Geography Awareness

Though I am running a week behind the actual Geography Awareness week, which begins on the third week in November, I think it’s always important to understand place and our relationships to our environments. The study of geography must move beyond memorizing state capitals. In this vein, I wish to offer some tidbits from what used to be an annual Geography Awareness Week (GAW) program on a public radio station in the Central High Plains. My dear friend, Lynn, and I did this fabulous music show. The music reflected people of the world and the music of their people.

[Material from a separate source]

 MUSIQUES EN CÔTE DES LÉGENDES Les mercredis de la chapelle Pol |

Neither of us live near that public radio station, and the live show is not one we can do remotely, though I do have an in-home studio, thanks to National Geographic Society (NGS)! Over the years, Lynn and I have collected geography facts and turned them into radio segments called, “Did You Know?”

GAW used to have different themes each year, and we would find music, of the world in the folk traditions, that matched or supported the themes. Lately, NGS encourages teachers, professors, and anyone else interested in promoting the discipline of geography, to celebrate all aspects of geography since it is considered “the mother of all sciences.” Here are some geography facts that you may not have known or thought of.

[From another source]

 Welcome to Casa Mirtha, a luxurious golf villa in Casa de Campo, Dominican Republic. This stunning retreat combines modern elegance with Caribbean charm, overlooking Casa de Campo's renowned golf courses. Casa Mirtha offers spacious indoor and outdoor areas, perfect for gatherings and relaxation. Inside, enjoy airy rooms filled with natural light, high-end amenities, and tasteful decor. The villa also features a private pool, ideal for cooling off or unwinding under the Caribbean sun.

Did you know that early human migrations are thought to have begun when Homo erectus first migrated out of Africa to Eurasia around 1.8 million years ago?

Did you know that one of the greatest waves of immigrants to the USA was during the 1820s – 1890s, when more than 5 million immigrants arrived in America from Ireland and Germany.

Did you know that Immigration to Australia is estimated to have begun around 50 000 years ago when the ancestors of Australian Aboriginals arrived from the islands of the Malay Archipelago and New Guinea. 

Did you know that according to the Migration and Remittances Factbook 2011, 3% of the world population (more than 215 million people) live in a country other than the one in which they were born.

Did you know that the largest migration corridor in the world is Mexico? The second largest migration corridor in 2010 was between the Ukraine and Russia, followed by Bangladesh and India. 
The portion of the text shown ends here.